In Andersens Märchen von des Kaisers neuen Kleidern stehen die Erwachsenen da und tun so, als bestaunten sie prächtige Gewänder. Sie sehen davon nichts, aber haben Angst, das laut zu sagen. Heißt es doch, die Kleider blieben jenen unsichtbar, die für ihren Beruf nicht taugten. Ein Zwang zur Lüge liegt über ihnen. Und über dem Kaiser ebenso. Nackt posiert er vor seinem Volk. Aber er hat ja nichts an, ruft plötzlich ein Kind. Und es erhebt sich ein Flüstern. – Er hat ja gar nichts an, ruft endlich das ganze Volk.
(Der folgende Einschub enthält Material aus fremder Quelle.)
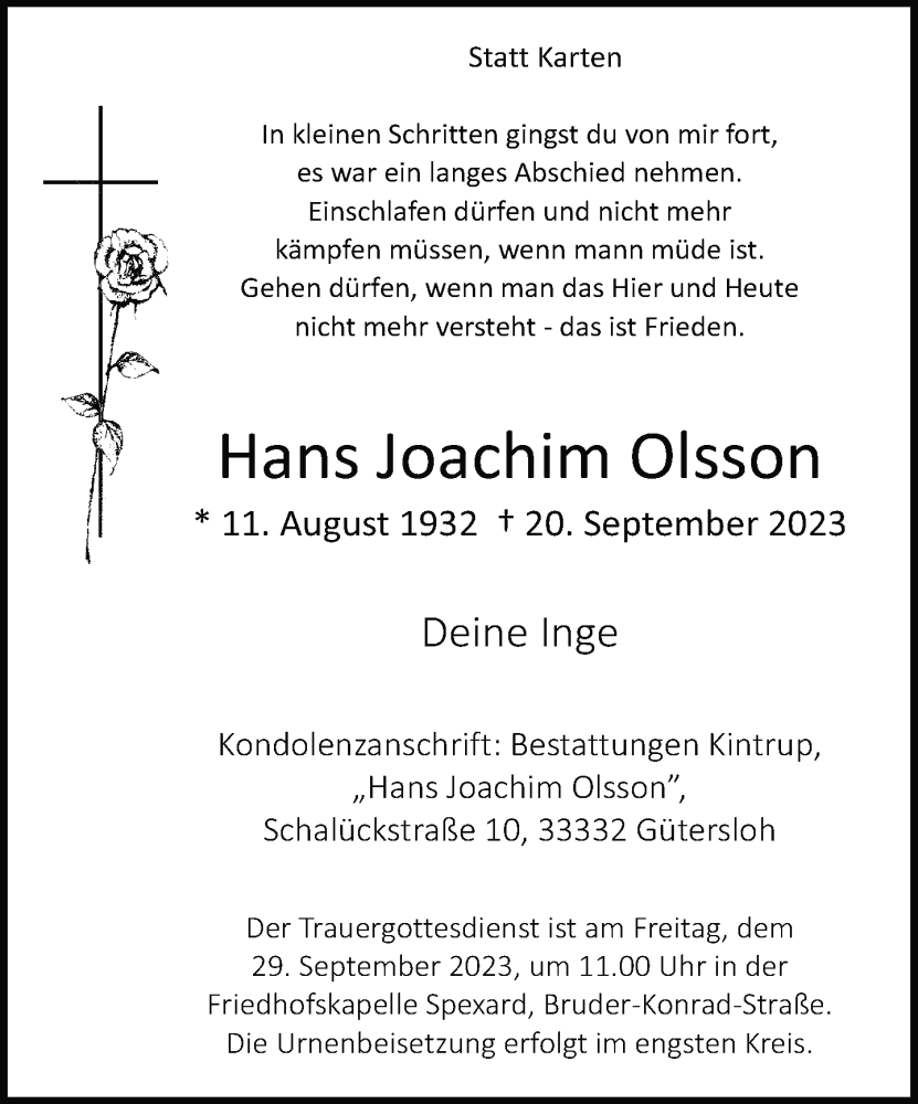 Hier finden Sie alle Traueranzeigen aus der Zeitung, die bisher für Hans Joachim Olsson erschienen sind. Weitere Traueranzeigen, die in der Zeitung erscheinen, werden hier ebenfalls aufgelistet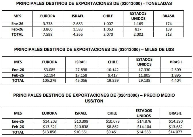 Los principales destinos de exportación para la carne refrigerada en febrero de 2026 resultaron los países europeos (3,9 mil toneladas / 52,2 millones de u$s), Israel (1,6 mil ton / 17,2 millones de u$s), y Chile (1,1 mil toneladas / 9,4 millones de dólares).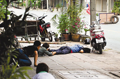 軍隊(duì)包圍“紅色戰(zhàn)區(qū)”,四周不時傳出槍聲和爆炸聲,軍方加強(qiáng)搜查武器和繼續(xù)“有出無入”的策略。政府發(fā)言人說,前晚主陣地的示威人數(shù)減至6000,證明封鎖策略有效,相信老人和小童已撤走。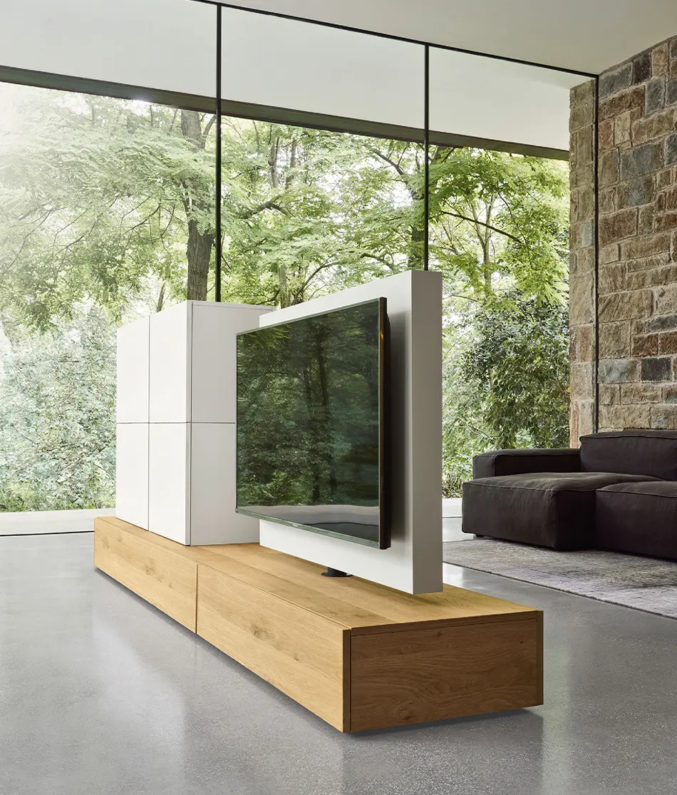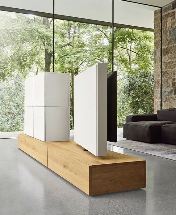 The Roto TV panel is finished on both sides and, thanks to a pivot, can be rotated as desired with a simple gesture, becoming a distinctive and central element in the living area. Order and cleanliness of the spaces are always guaranteed as the TV screen connection cables are neatly enclosed within the base.

»Wirtschaft ist nicht göttlich«, so Gregor Gysi. »Wirtschaft wird von Menschen gemacht. Und da ist es nicht absurd zu fragen: Warum nicht auch für Menschen?«

4. November: Ich schreibe, und es ist schon Mitternacht. Heute vor 16 Jahren habe ich noch an eine Erneuerung der DDR geglaubt. Wie viel Ernüchterung, Trauer und Glück hat es seitdem gegeben. Nichts war voraussehbar gewesen, und auch heute ist nichts voraussehbar. An diesem Abend wurde immer wieder eine starke Linke beschworen, die ja nicht nur aus PDS und WASG bestehen müsste, sondern als dritte, noch viel größere Gruppe die vielen Leute hat, die schon in Resignation versunken sind und nun vage Hoffnung schöpfen. Wenigstens darauf, dass sie nicht ganz allein und machtlos sind, dass sich etwas in dieser Gesellschaft bewegt.